Second, first respondent, who lives in Bulawayo, does not appear to have personal need of the property, which is in an up market residential area in Harare.  There is a high demand for residential properties in Harare.  Therefore, it is not likely that first respondent will keep the property vacant pending the outcome of the application for rescission of judgment.  If another tenant is, as is highly probable, placed in the property, it would be very difficult to restore applicants to the property should the rescission of judgment be granted.  Where such likelihood of real hardship is demonstrated, the court is likely to exercise its discretion in favour of the granting of the stay of execution.

                                                                                                            HB 68/06

Further, the founding affidavits in both this application and the cross-referenced application for rescission of judgment show that applicants have seemingly good bona fide defence to first respondent’s claim for eviction and ancillary relief.  From the papers it would appear that the factual allegations upon which first respondent’s claims for eviction are based have been disputed.  The alleged damage to the property has been denied.  First respondent had alleged damage to both the interior and the exterior of the property by the applicants.  These allegations met not only with unequivocal denials, but also with evidence in rebuttal.  A sworn statement has been placed before this court, from a neutral party, being the estate agent.

Further, failure or default in payment of rentals, another ground upon which first respondent sought eviction, has also been denied.  Applicants have demonstrated that there was no refusal to pay rentals.  Some rentals were paid to first respondent’s agent.  This agent, at some point, failed to account to his principal.  The result of that was not a default by the applicants in the payment of rentals.  Further, applicants demonstrated that, following the clear breakdown of civil relations between the parties, particularly second applicant and first respondent, first respondent refused to accept rental payments.  Cheques issued and mailed by the first applicant in payment of rentals have not been banked by the first respondent.

On the default, the papers show that the applicants’ legal practitioner was away writing examinations when the first respondent’s

                                                                                                                        HB 68/06

heads of argument were served.  The applicants’ heads were filed out of time by a single day out of the ten day period stipulated in Rule 238(2a).  In the circumstances, there cannot be drawn an inference that applicants were in wilful default – V Saitis & Co v Fenlake (Pvt) Ltd 2002(1) ZLR 378(H) ZIMBANK v Masendeke 1995(2) ZLR 400 and Hutchinson v Logan 2001(2) ZLR 1.

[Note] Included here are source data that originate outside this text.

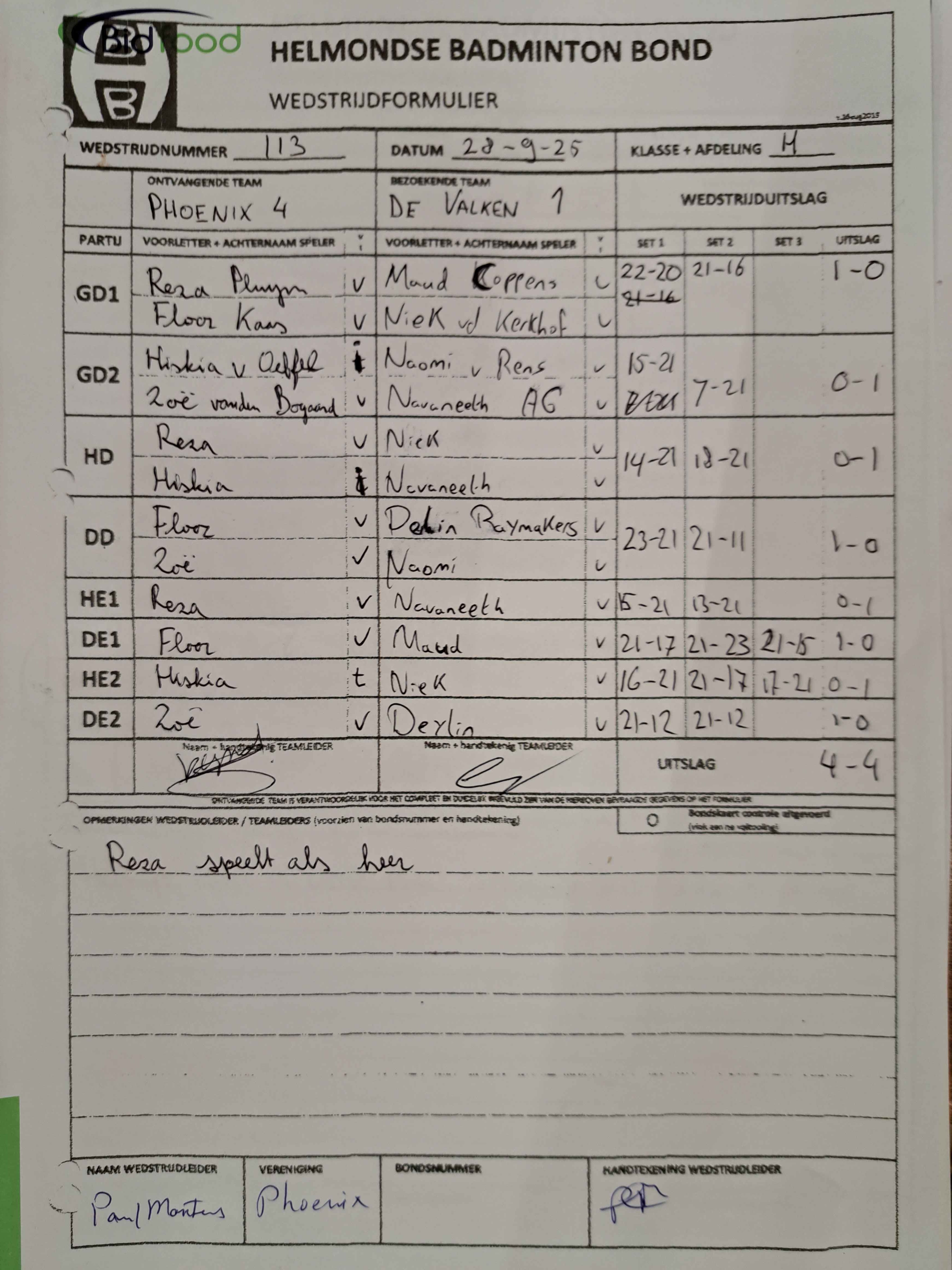 | 12:30 | zo. 28-09-2025 | Phoenix 4 | - | De Valken 1 | 15 | 4 - 4 | ||
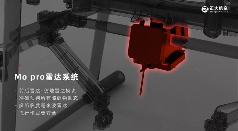 確保無人機在起飛或自主作業多路收發毫米波雷達高速轉動,仿地雷達+對地雷達,過程中躲避上方障礙物精準探測前方30米內的障礙物精準探測下方障礙物
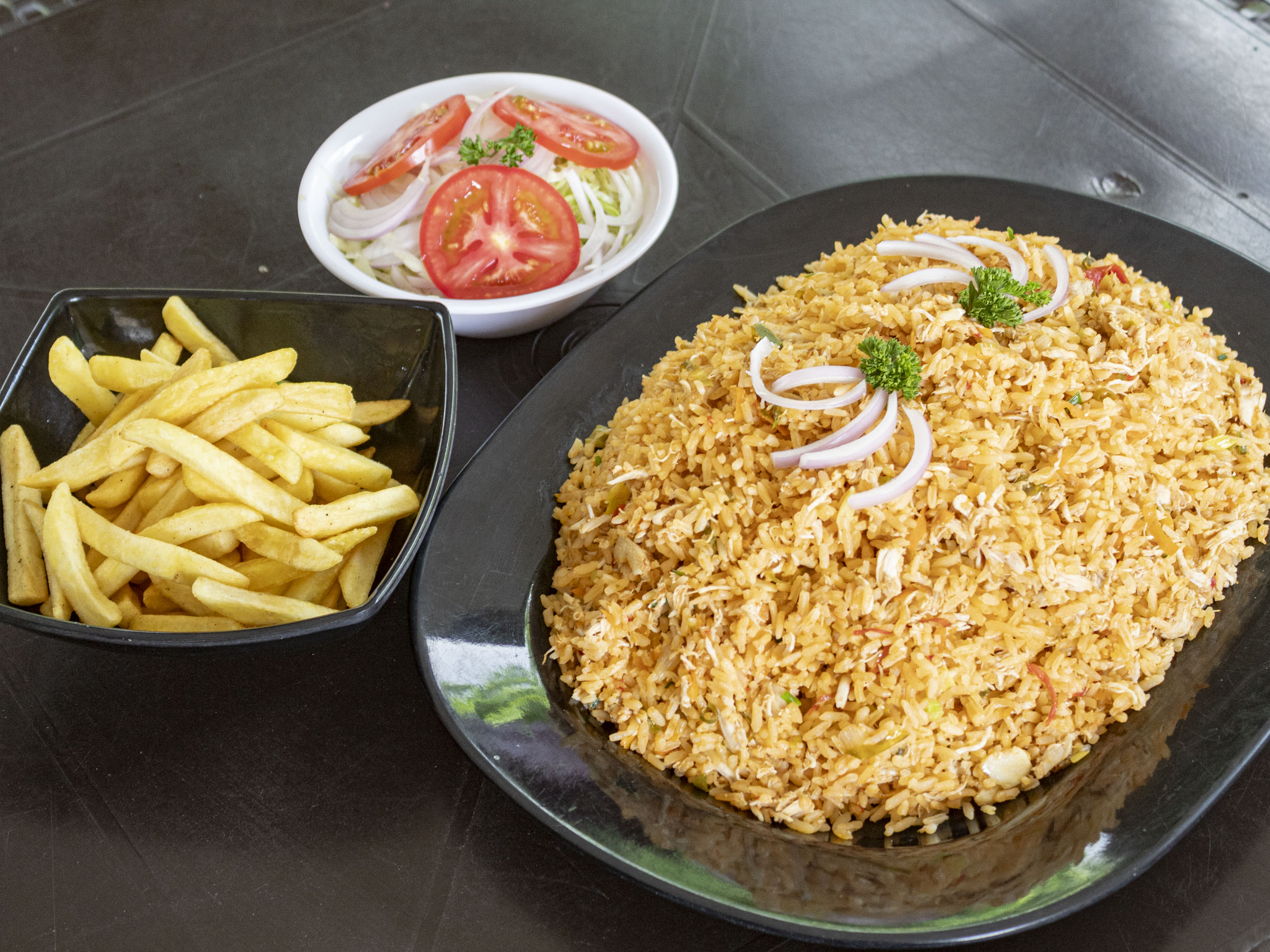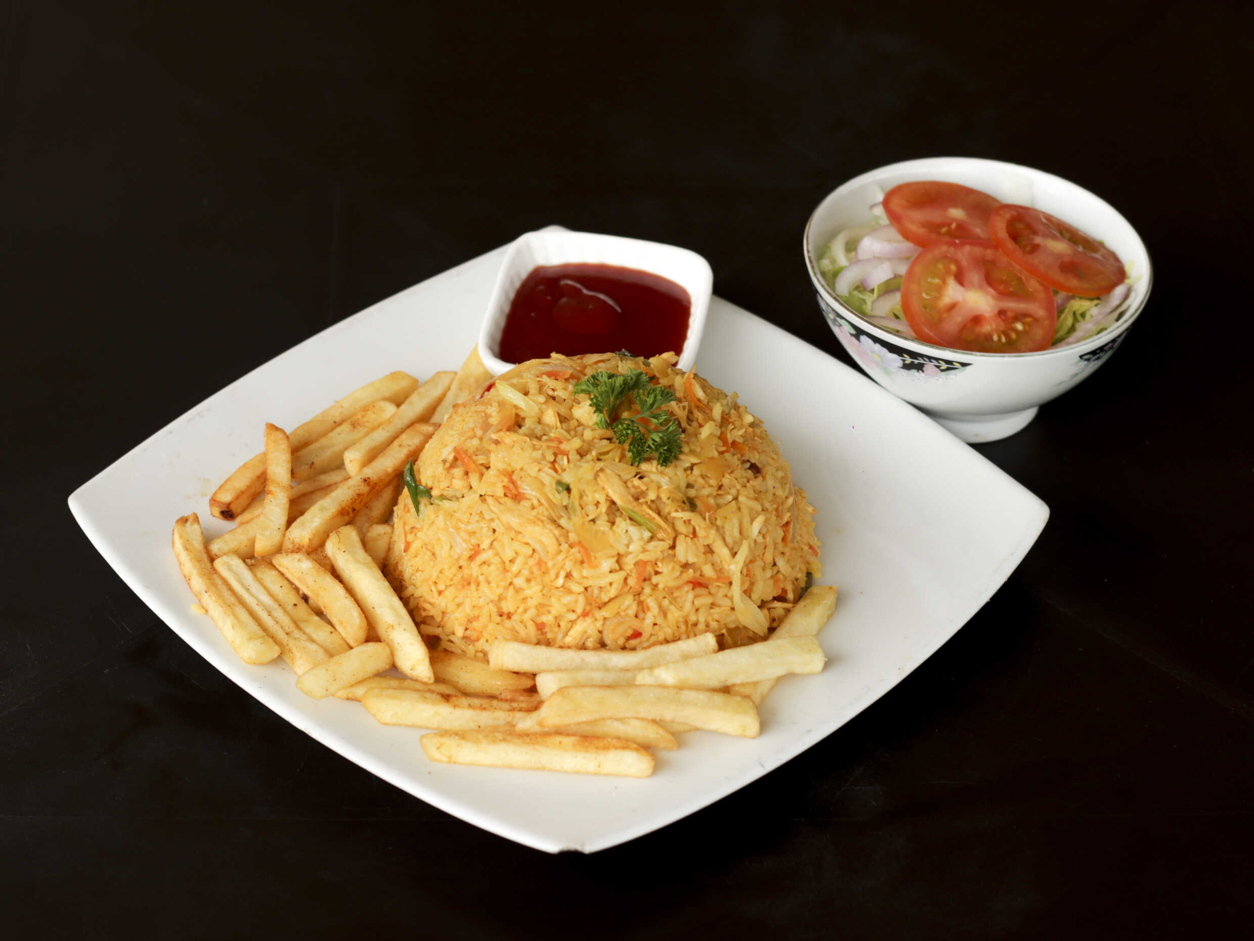 Porción de arroz para 3 a 4 personas, acompañado de 400 gr de papa francesa, ensalada de lechuga, cebolla y tomate

Accordingly, there is a good chance that the application for rescission of judgment will be granted.  In that event, applicants would have suffered prejudice and injustice in that it would be hard, if not impossible, to, after the rescission of judgment, restore them to the premises.  The applicants have made a prima facie case for the granting of the provisional order.

Accordingly, I grant the provisional order in terms of the draft.